● GIVEN INFORMATION
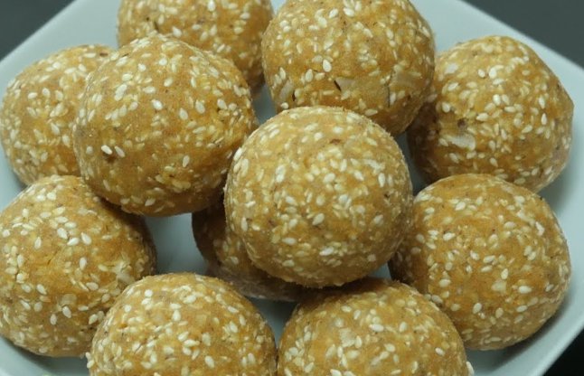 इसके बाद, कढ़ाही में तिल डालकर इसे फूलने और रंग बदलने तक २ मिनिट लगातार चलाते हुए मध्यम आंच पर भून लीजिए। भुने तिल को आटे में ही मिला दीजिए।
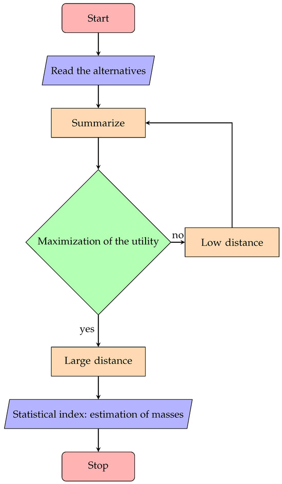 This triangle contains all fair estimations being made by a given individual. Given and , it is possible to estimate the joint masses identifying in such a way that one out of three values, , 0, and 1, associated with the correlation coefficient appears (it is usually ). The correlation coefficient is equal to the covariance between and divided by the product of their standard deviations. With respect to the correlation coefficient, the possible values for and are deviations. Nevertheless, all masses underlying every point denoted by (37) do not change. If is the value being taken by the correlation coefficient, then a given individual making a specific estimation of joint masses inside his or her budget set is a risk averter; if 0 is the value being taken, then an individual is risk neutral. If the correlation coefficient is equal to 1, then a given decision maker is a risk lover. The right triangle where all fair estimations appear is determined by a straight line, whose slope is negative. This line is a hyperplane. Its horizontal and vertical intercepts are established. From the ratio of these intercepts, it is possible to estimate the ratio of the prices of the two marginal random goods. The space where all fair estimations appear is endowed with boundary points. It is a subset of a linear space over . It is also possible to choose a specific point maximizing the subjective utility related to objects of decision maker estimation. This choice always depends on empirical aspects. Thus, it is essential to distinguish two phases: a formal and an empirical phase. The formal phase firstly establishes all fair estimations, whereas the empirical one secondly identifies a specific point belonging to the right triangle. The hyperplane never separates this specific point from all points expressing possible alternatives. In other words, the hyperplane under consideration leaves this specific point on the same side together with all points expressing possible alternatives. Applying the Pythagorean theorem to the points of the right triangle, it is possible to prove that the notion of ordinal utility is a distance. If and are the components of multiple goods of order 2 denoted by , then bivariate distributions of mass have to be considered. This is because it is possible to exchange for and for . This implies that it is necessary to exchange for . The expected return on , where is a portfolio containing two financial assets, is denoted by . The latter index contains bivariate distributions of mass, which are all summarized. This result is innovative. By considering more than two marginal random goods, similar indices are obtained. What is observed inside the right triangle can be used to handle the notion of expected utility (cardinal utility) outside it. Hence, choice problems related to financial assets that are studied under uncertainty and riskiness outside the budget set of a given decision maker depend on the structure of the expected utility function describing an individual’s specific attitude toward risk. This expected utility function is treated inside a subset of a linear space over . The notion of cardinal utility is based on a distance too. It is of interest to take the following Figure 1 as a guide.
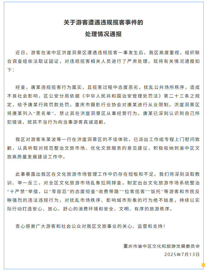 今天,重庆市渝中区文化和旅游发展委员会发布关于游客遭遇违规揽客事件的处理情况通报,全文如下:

● THE TASK
Would you retype all the lines shown above, exactly as written and without any picture?

● REPLY TO THE TASK
 इसके बाद, कढ़ाही में तिल डालकर इसे फूलने और रंग बदलने तक २ मिनिट लगातार चलाते हुए मध्यम आंच पर भून लीजिए। भुने तिल को आटे में ही मिला दीजिए।
 This triangle contains all fair estimations being made by a given individual. Given and , it is possible to estimate the joint masses identifying in such a way that one out of three values, , 0, and 1, associated with the correlation coefficient appears (it is usually ). The correlation coefficient is equal to the covariance between and divided by the product of their standard deviations. With respect to the correlation coefficient, the possible values for and are deviations. Nevertheless, all masses underlying every point denoted by (37) do not change. If is the value being taken by the correlation coefficient, then a given individual making a specific estimation of joint masses inside his or her budget set is a risk averter; if 0 is the value being taken, then an individual is risk neutral. If the correlation coefficient is equal to 1, then a given decision maker is a risk lover. The right triangle where all fair estimations appear is determined by a straight line, whose slope is negative. This line is a hyperplane. Its horizontal and vertical intercepts are established. From the ratio of these intercepts, it is possible to estimate the ratio of the prices of the two marginal random goods. The space where all fair estimations appear is endowed with boundary points. It is a subset of a linear space over . It is also possible to choose a specific point maximizing the subjective utility related to objects of decision maker estimation. This choice always depends on empirical aspects. Thus, it is essential to distinguish two phases: a formal and an empirical phase. The formal phase firstly establishes all fair estimations, whereas the empirical one secondly identifies a specific point belonging to the right triangle. The hyperplane never separates this specific point from all points expressing possible alternatives. In other words, the hyperplane under consideration leaves this specific point on the same side together with all points expressing possible alternatives. Applying the Pythagorean theorem to the points of the right triangle, it is possible to prove that the notion of ordinal utility is a distance. If and are the components of multiple goods of order 2 denoted by , then bivariate distributions of mass have to be considered. This is because it is possible to exchange for and for . This implies that it is necessary to exchange for . The expected return on , where is a portfolio containing two financial assets, is denoted by . The latter index contains bivariate distributions of mass, which are all summarized. This result is innovative. By considering more than two marginal random goods, similar indices are obtained. What is observed inside the right triangle can be used to handle the notion of expected utility (cardinal utility) outside it. Hence, choice problems related to financial assets that are studied under uncertainty and riskiness outside the budget set of a given decision maker depend on the structure of the expected utility function describing an individual’s specific attitude toward risk. This expected utility function is treated inside a subset of a linear space over . The notion of cardinal utility is based on a distance too. It is of interest to take the following Figure 1 as a guide.
 今天,重庆市渝中区文化和旅游发展委员会发布关于游客遭遇违规揽客事件的处理情况通报,全文如下:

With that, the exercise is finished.